Figure 6. Characterization of PDI-induced MOMP and validation in model systems

(a) Mitochondrial MOMP assay using mouse embryonic fibroblast (MEF) and Bax/Bak double knockout (BBKO) MEF cells. Western blot analysis for Smac and Bak protein demonstrates that PDI-induced MOMP takes place in the absence of cytosol and is mediated by oligomerization of mitochondrial Bak (lanes 1–6; Bak-M, D, and T correspond to Bak monomer, dimer, and trimer respectively). The Bak protein is oligomerized via oxidation of cystein residues (lanes 7–10). Oligomerization of Bak and mitochondrial release of Smac is suppressed by inhibiting PDI with thiomuscimol (THIOM; lanes 11 and 12).
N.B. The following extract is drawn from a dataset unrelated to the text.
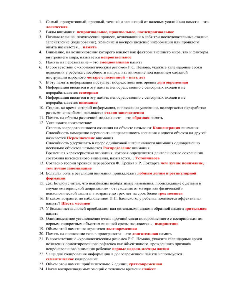 1. Самый продуктивный, прочный, точный и зависящий от волевых усилий вид памяти – это логическая. 2. Виды внимания: непроизвольное, произвольное, послепроизвольное 3. Познавательный психический процесс, включающий в себя три последовательные стадии: запечатление (кодирование), хранение и воспроизведение информации или прошлого опыта называется… память 4. Внимание, на возникновение которого влияют как факторы внешнего мира, так и факторы внутреннего мира, называется непроизвольное 5. Память на переживание – это эмоциональная память 6. В соответствии с «хронологическим резюме» Р.С. Немова, укажите календарные сроки появления у ребенка способности направлять внимание под влиянием сложной инструкции взрослого четыре с половиной – пять лет 7. В эту память информация поступает посредством повторения долговременная 8. Информация вводится в эту память непосредственно с сенсорных входов и не перерабатывается сенсорная 9. Информация вводится в эту память непосредственно с сенсорных входов и не перерабатывается внимание 10. Стадия, во время которой информация, подлежащая усвоению, подвергается переработке разными способами, называется стадия запечатления 11. Память на образы различной модальности – это образная память 12. Установите соответствие: Степень сосредоточенности сознания на объекте называют Концентрация внимания Способность намеренно переносить направленность сознания с одного объекта на другой называется Переключение внимания Способность удерживать в сфере одинаковой интенсивности внимания одновременно несколько объектов называется Распределение внимания Временная характеристика внимания, которая определяется длительностью сохранения состояния интенсивного внимания, называется… Устойчивось 13. Согласно теории уровней переработки Ф. Крейка и Р. Локхарта чем лучше понимание, тем лучше запоминание 14. Большая роль в регуляции внимания принадлежит лобным долям и ретикулярной формации 15. Дж. Боулби считал, что неизбежны необратимые изменения, происходящие с детьми в случае «материнской депривации» - отчуждения от матери как физической и психологической защиты в возрасте до трех лет на срок более трех месяцев 16. В каком возрасте, по наблюдениям П.П. Блонского, у ребенка появляется аффективная память? Шесть месяцев 17. У большинства людей преобладает над остальными видами образной памяти зрительная память 18. Одномоментное установление очень прочной связи новорожденного с воспринятым им первым конкретным объектом внешней среды называется… импринтинг 19. Объем этой памяти не ограничен долговременная 20. Память на положение тела в пространстве – это двигательная память 21. В соответствии с «хронологическим резюме» Р.С. Немова, укажите календарные сроки появления ориентировочного рефлекса как объективного, врожденного признака непроизвольного внимания ребенка: первые недели-месяцы жизни 22. Чаще для кодирования информации в долговременной памяти используется семантическое кодирование 23. Объем этой памяти приблизительно 7 единиц кратковременная 24. Накал воспроизводимых эмоций с течением времени слабеет 25. Под действием сильных эмоций запечатлеваемая информация искажается 26. Физиологической основой внимания является концентрация возбуждения в определенных участках коры головного мозга, в очагах оптима

DSP= Dithiobis (succinimidyl) propionate; homobifunctional and membrane permeable crosslinker. (b) Schematic diagram of the rat corticostriatal brain slice assay (data in c–j). (c–e) Small molecule PDI inhibitors suppress htt-N90Q73-induced toxicity in brain slice MSNs (c) BBC7E8, (d) securinine, and (e) 16F16. (f) Knockdown of PDIA3 using a validated A3-3 shRNA targeting plasmid (Supplementary Fig. 6) suppresses htt-N90Q73 toxicity in brain slice MSNs. (g–i) PDI inhibitors and shRNA suppress APP/Aβ toxicity in brain slice pyramidal neurons (g) BBC7E8, (h) securinine, (i) 16F16, (j) PDIA3 shRNA. Controls and legend: YFP (transfection control), KW+CGS (chemical rescue of htt-N90Q73 by KW-6002 and CGS21680), NT (non-targeting shRNA), FMK (caspase inhibitor Boc-D-FMK, 100μM), PN (pyramidal neurons); yellow bars are inhibitor treated (PDI inhibitor or shRNA) htt-N90Q73 or APP/Aβ expressing cells; asterisks represent a statistically significant (ANOVA and Dunnett’s post hoc comparison test at the 0.05 confidence level) rescue of htt-Q73 or APP/Aβ toxicity.